Megan has a right to her opinions and should be treated with respect. However, I feel some of her positions are harmful and thought that one of the purposes of FMF is to take strong stand on the issues.
Megan is not a privileged person who should be able to find her first parents (which she obviously felt the need to do) while actively working to deny other adoptees the same opportunity by supporting OBC access with the names redacted.
Also, married parents are not necessarily better for a child. My APs were married and it turned out that my natural mother and maternal family were warmer, kinder and more loving people. I would have been better off with them.
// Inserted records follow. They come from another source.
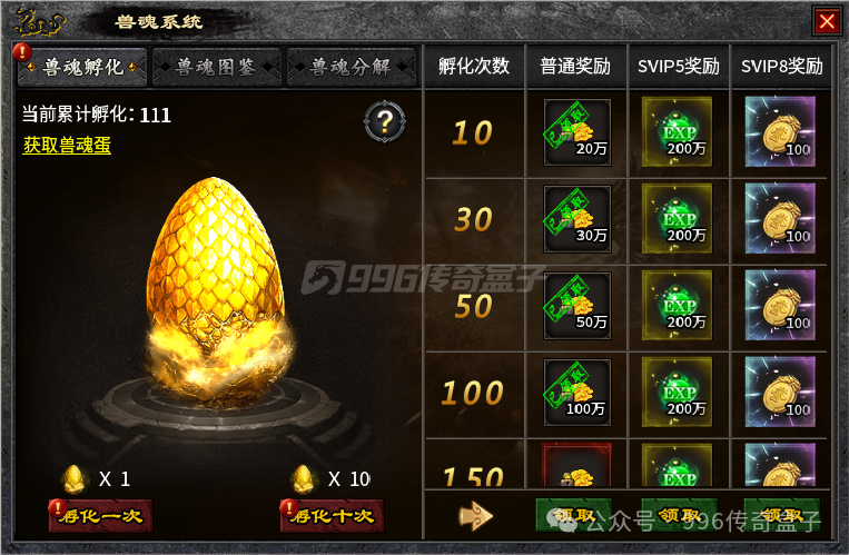 兽魂系统是这个服的重要玩法之一,刷怪或者完成任务都会获得兽魂蛋,孵化可随机获得兽魂。兽魂分为五个等级,红色是最高级的,级别越高的兽魂属性越强。孵化后可在背包中选择属性最强的兽魂佩戴,其余兽魂收集点亮图鉴即可,多余的兽魂可以分解为兽魂碎片。红色的兽魂不要分解,可以融合兽魂属性,最多可融合五条属性,成功几率10%,十次保底,融合失败副兽魂直接破碎。还是可以试试的,反正主兽魂是不会有变动的。
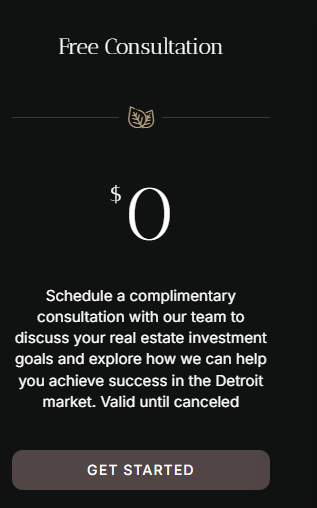 Schedule a complimentary consultation with our team to discuss your real estate investment goals and explore how we can help you achieve success in the Detroit market.
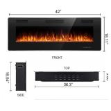 Overall dimensions: 42” x 18.11” x 3.86”. Multiple Install Methods:This electric fireplace not only can be Recessed or semi recessed in wall but also can be Wall Mounted, This 42-inch-wide electric fireplace only weighs 42.9pounds, so one person can easily hang it on the wall using the step-by-step instructions provided. Once it has been mounted to your wall, all you need to do is hang and secure your fireplace with the drywall screws. Realistic Flame Effects:Ultra High Intensity Led lights with large display allows the flame to "burn" high enough. THERMOSTAT and ENERGY SAVINGS: Front heater blower, 750W & 1500W modes can be adjusted accordingly for both warm and energy saving purpose. The supplemental zone heating is for up to 400 square feet. Flexible Control Modes:Remote and touch screen make it more convenient to control every function of electric fireplace.
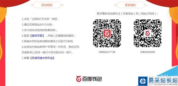 根據(jù)活動(dòng)規(guī)則,只需要點(diǎn)此,通過(guò)百度錢包支付1分錢,就會(huì)收到激活碼短信,網(wǎng)盤會(huì)員權(quán)益有效期自激活之日起7天有效。
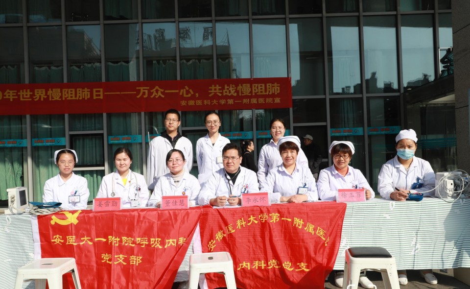 今年11月20日是第十八个“世界慢阻肺日”,为响应慢阻肺日的主题“万众一心、共战慢阻肺”,结合“不忘初心、牢记使命”主题教育,当天一大早,我院呼吸危重症医学科党支部联合干部呼吸科党支部部分党员及所在学科的医护人员,在绩溪路门诊前广场开展义诊和健康宣教活动。
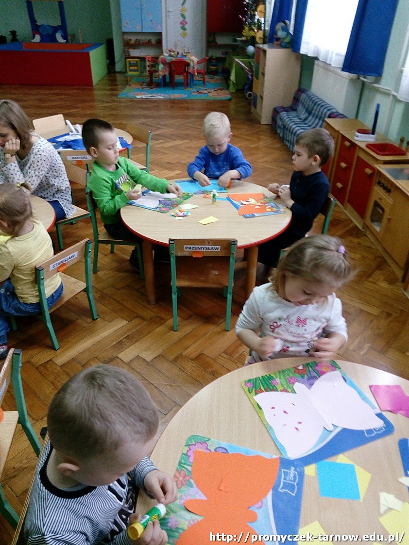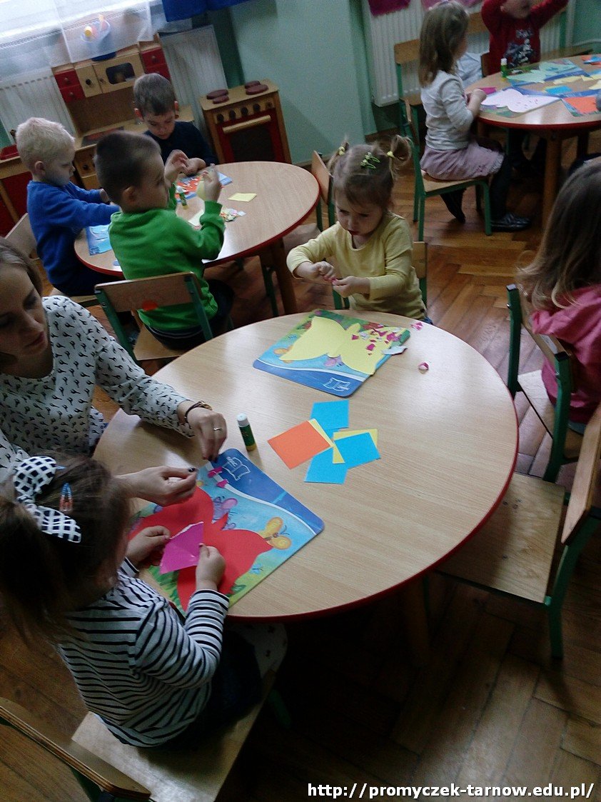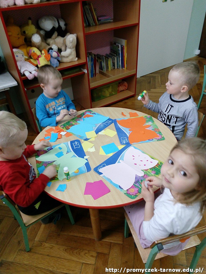 W drugim tygodniu grupę Smyków odwiedziły kolorowe motyle wykonane metodą wydzieranki z papieru. Prace można podziwiać na wystawie w przedszkolnym korytarzu.
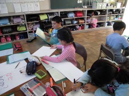 総合の時間に、学習発表に向けての準備をしました。台本を読む練習をしました。
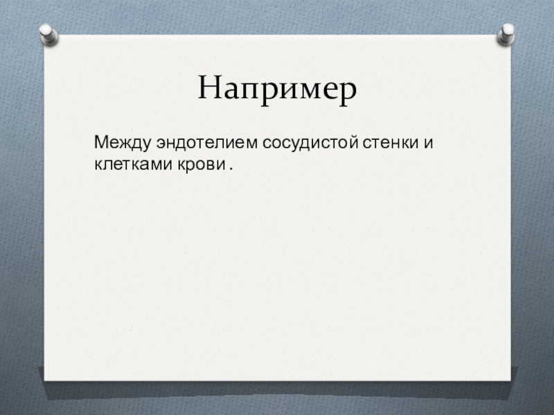 Например Между эндотелием сосудистой стенки и клетками крови .

Spouses do die and with the 50% divorce rate in the U.S. many adopted kids will end up in single parent homes anyway.
Obviously, Megan and I are far apart ideologically. Everyone deserves respect for their opinion but I thought FMF was a not so much an open forum for all viewpoints but a place where the importance of maintaining the natural family connection is paramount.
This is sad and stunning that another adoptee would work AGAINST us who want our OBCs...
ReplyDeleteWhile I understand some adoptees do not want their OBC or to find anything about their heritage, I do NOT understand how they could work against other adoptees who DO want their OBC. If you don't want it, don't get it -- but why try to stop everyone else from getting theirs???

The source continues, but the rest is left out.